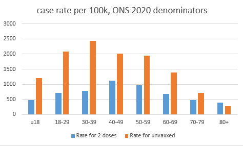 “The PHE data doesn’t tell the full story, in part because you get a very different idea of vaccine effectiveness if you use ONS (not NIMS) to estimate the number of unvaccinated people. See details in thread”
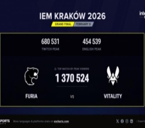 电竞体育2月9报道 根据Esports Charts网站的数据统计,IEM克拉科夫的最高收视人数为137万人,发生在Vitality对阵FURIA的总决赛中。这一数据超越了2025年的IEM卡托维兹(129万人)成为历史上收视率最高的非Major赛事,同时在历史收视率总榜中也能排名第8位!
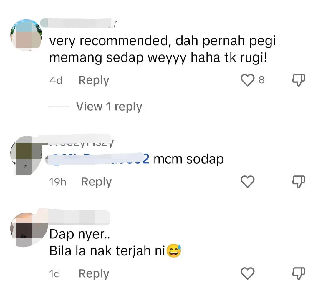 Menjengah ke ruangan komen, rata-rata wargamaya memberikan reaksi positif dan memuji kesedapan dan kualiti masakan di restoran Selera Kampung Kita.
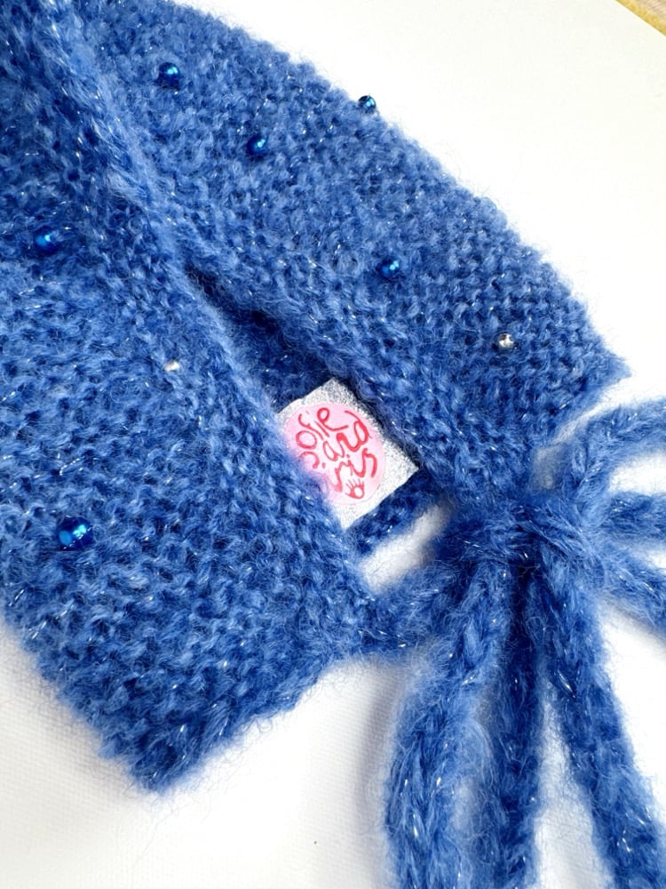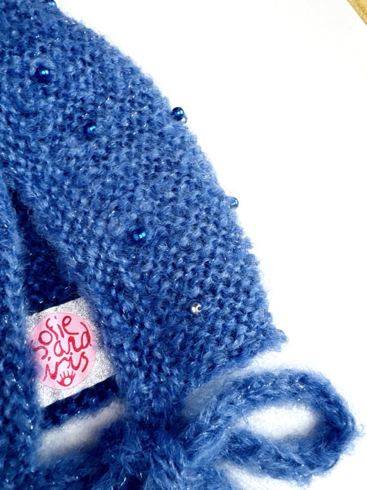 Mohair Bonnet Dark Blue and subtle glitter – Luxury Hand-Dyed Mohair Blend, Hand-Knitted With Beads & Vintage Buttons
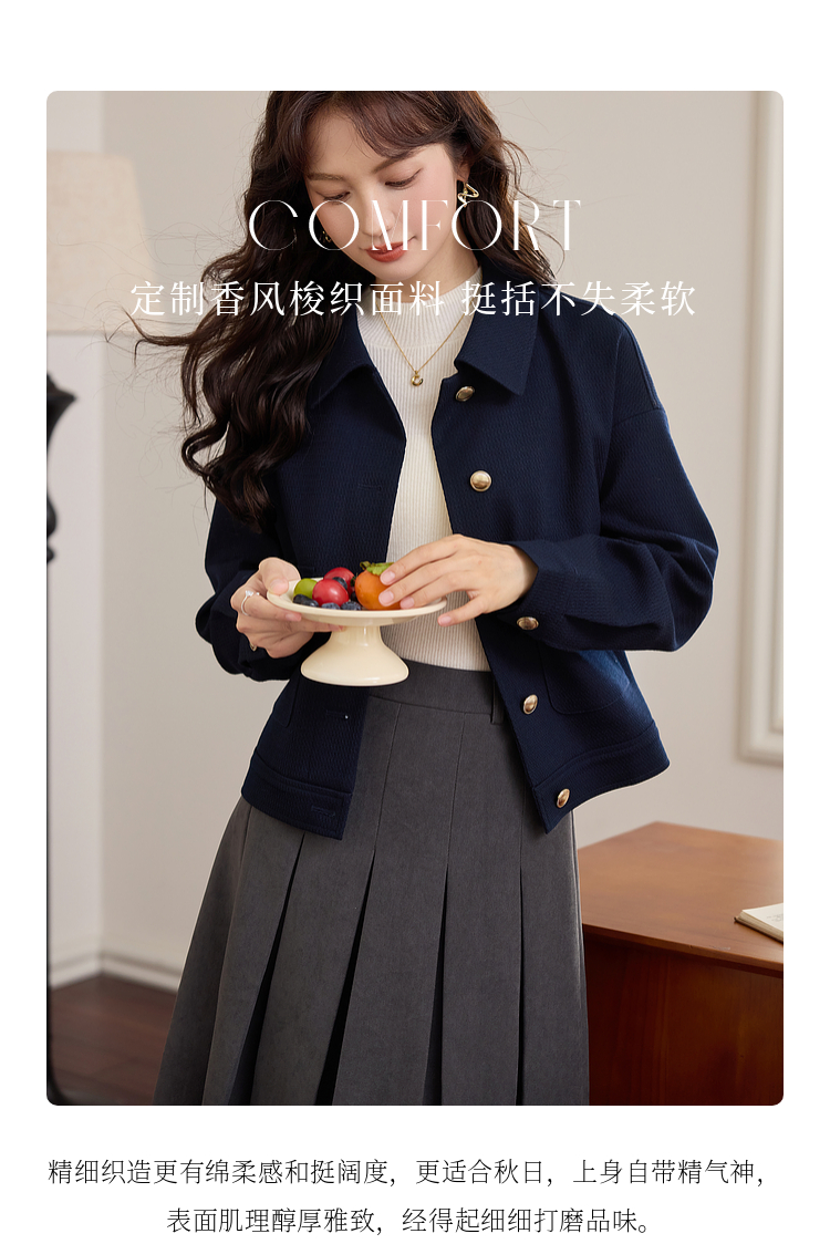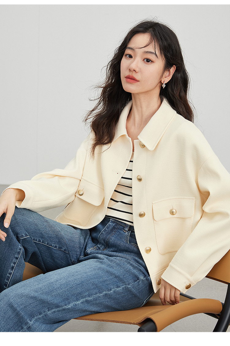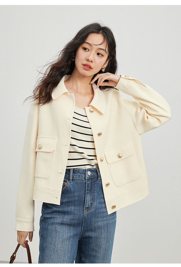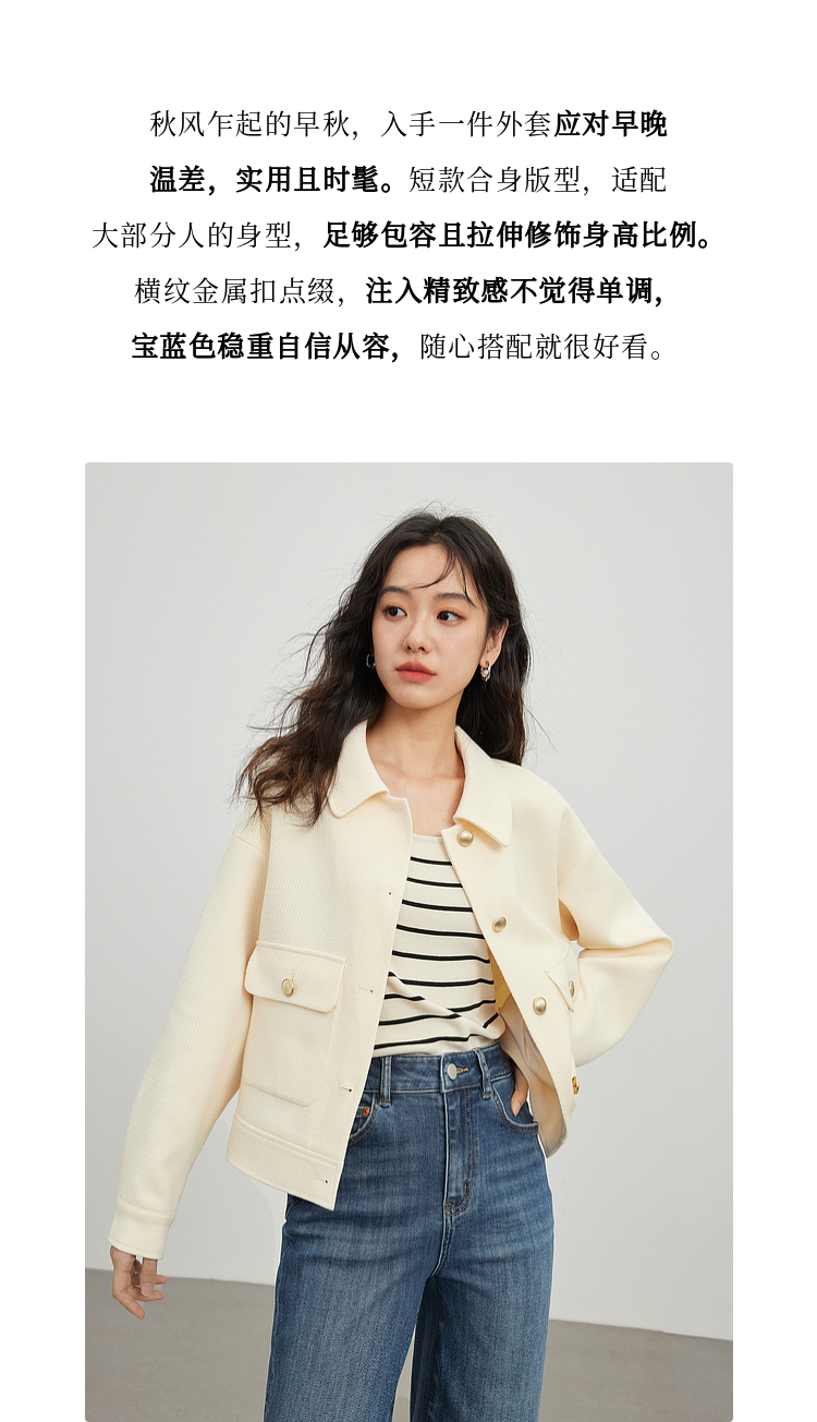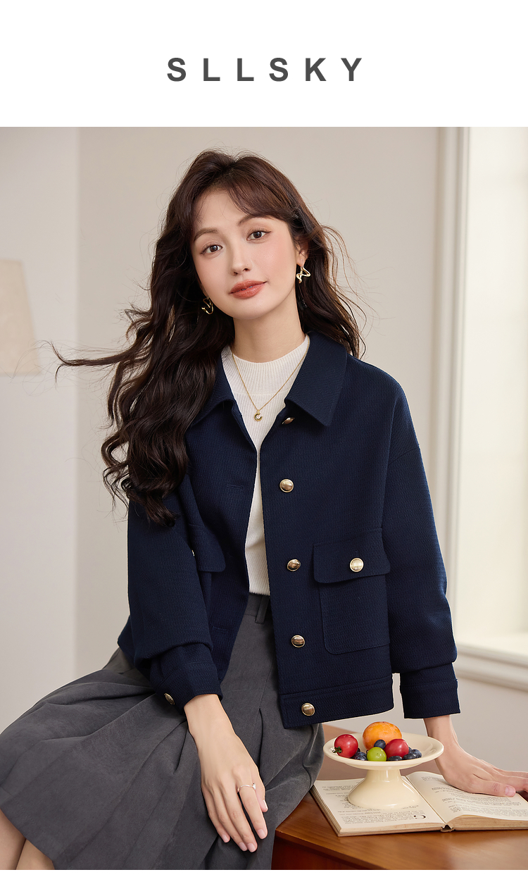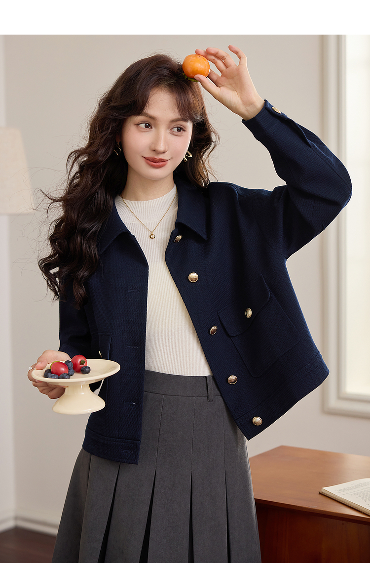 【年货节】熙世界小香风休闲短款外套女小个子百搭翻领夹克上衣2025秋装新款
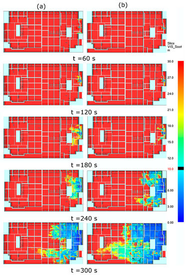 Computational fluid dynamics (CFD) analysis result—visibility distribution at a height of 1.8 m above the floor during evacuation (a) electric vehicle (EV) (b) ICEV, manufacturer 1.
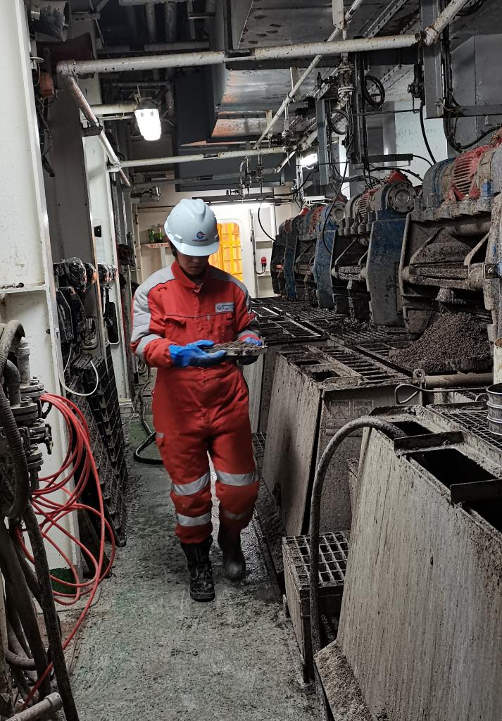 中國海油員工羅松巴登正在采集底層巖石樣本。(受訪者供圖)

──────────────────────────────

◆ TASK GOAL ◆
Exclude every image and return the material above exactly.

◆ EXERCISE RESULT ◆
 “The PHE data doesn’t tell the full story, in part because you get a very different idea of vaccine effectiveness if you use ONS (not NIMS) to estimate the number of unvaccinated people. See details in thread”
 电竞体育2月9报道 根据Esports Charts网站的数据统计,IEM克拉科夫的最高收视人数为137万人,发生在Vitality对阵FURIA的总决赛中。这一数据超越了2025年的IEM卡托维兹(129万人)成为历史上收视率最高的非Major赛事,同时在历史收视率总榜中也能排名第8位!
 Menjengah ke ruangan komen, rata-rata wargamaya memberikan reaksi positif dan memuji kesedapan dan kualiti masakan di restoran Selera Kampung Kita.
 Mohair Bonnet Dark Blue and subtle glitter – Luxury Hand-Dyed Mohair Blend, Hand-Knitted With Beads & Vintage Buttons
 【年货节】熙世界小香风休闲短款外套女小个子百搭翻领夹克上衣2025秋装新款
 Computational fluid dynamics (CFD) analysis result—visibility distribution at a height of 1.8 m above the floor during evacuation (a) electric vehicle (EV) (b) ICEV, manufacturer 1.
 中國海油員工羅松巴登正在采集底層巖石樣本。(受訪者供圖)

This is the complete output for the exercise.